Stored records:
══════

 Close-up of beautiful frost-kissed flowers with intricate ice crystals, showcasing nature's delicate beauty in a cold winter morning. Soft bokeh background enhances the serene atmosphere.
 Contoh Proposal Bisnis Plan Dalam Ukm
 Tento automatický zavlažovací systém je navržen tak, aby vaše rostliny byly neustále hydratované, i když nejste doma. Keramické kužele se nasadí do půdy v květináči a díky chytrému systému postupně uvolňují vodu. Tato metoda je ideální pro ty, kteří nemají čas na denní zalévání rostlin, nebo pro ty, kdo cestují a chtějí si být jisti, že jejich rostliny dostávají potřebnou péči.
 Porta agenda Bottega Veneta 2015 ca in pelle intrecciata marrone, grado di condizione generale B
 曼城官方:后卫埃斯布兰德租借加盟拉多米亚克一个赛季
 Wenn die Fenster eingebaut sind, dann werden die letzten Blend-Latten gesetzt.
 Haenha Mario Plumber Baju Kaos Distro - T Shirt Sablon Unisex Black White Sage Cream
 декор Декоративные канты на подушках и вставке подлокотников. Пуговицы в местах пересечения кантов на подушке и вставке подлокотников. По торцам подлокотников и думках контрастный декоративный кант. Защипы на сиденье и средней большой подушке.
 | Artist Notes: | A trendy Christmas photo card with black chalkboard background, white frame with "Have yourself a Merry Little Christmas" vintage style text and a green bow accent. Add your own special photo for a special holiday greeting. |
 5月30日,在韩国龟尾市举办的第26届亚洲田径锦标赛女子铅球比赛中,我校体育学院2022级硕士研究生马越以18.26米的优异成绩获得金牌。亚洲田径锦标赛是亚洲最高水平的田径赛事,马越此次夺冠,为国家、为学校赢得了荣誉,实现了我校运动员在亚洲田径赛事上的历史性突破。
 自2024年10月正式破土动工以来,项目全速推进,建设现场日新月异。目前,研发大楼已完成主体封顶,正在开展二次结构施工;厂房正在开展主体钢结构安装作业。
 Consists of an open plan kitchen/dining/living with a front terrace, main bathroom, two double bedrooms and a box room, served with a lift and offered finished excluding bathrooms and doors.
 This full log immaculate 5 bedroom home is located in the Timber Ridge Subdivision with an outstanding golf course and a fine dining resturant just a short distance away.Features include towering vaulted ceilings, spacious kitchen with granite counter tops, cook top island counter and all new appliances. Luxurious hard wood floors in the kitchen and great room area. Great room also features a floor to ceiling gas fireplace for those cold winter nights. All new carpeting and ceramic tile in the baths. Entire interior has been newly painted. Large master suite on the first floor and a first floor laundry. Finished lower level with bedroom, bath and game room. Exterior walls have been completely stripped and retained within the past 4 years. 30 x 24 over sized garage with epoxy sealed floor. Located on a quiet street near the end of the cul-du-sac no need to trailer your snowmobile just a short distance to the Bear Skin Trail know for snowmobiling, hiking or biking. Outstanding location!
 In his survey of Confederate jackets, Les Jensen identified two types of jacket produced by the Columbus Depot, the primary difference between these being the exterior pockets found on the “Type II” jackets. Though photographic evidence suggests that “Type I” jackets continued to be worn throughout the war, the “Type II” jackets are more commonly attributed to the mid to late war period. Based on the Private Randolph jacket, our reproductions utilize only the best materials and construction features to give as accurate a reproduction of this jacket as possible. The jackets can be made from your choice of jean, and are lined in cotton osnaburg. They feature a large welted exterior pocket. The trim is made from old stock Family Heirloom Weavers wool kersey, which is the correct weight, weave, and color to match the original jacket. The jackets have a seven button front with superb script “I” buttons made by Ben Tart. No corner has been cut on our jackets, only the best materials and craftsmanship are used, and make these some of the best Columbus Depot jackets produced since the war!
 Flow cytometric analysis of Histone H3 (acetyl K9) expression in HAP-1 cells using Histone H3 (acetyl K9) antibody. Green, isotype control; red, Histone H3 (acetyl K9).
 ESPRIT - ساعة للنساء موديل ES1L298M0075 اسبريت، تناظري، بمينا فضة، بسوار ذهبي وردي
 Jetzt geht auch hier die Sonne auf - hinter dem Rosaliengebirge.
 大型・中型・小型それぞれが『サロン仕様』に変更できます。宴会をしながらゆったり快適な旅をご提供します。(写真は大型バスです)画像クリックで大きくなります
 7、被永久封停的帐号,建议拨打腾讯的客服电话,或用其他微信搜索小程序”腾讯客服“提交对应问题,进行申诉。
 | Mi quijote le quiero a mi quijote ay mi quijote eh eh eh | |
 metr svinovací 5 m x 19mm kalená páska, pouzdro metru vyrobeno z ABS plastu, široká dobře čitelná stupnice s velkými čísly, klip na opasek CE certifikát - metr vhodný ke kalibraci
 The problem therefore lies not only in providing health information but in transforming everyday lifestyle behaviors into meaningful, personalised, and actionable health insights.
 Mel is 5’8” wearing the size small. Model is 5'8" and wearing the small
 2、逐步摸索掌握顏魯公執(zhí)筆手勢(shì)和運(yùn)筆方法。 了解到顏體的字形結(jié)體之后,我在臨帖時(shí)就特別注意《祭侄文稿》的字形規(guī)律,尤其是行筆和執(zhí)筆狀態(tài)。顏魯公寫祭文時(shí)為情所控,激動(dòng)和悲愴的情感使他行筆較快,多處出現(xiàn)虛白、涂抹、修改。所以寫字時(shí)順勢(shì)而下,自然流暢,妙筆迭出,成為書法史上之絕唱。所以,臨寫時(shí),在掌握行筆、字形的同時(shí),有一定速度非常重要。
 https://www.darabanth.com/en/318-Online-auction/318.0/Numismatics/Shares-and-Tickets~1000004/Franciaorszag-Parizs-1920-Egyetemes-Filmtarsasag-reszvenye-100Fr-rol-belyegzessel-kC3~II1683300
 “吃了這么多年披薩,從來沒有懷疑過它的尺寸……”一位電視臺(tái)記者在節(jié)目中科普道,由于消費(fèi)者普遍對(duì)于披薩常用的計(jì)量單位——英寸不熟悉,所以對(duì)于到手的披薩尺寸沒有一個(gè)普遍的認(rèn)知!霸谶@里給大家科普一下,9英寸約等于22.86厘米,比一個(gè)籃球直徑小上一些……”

══════

Search the entries for the word "background" and show every line that has it.

TASK ANSWER ▸
 Close-up of beautiful frost-kissed flowers with intricate ice crystals, showcasing nature's delicate beauty in a cold winter morning. Soft bokeh background enhances the serene atmosphere.
 | Artist Notes: | A trendy Christmas photo card with black chalkboard background, white frame with "Have yourself a Merry Little Christmas" vintage style text and a green bow accent. Add your own special photo for a special holiday greeting. |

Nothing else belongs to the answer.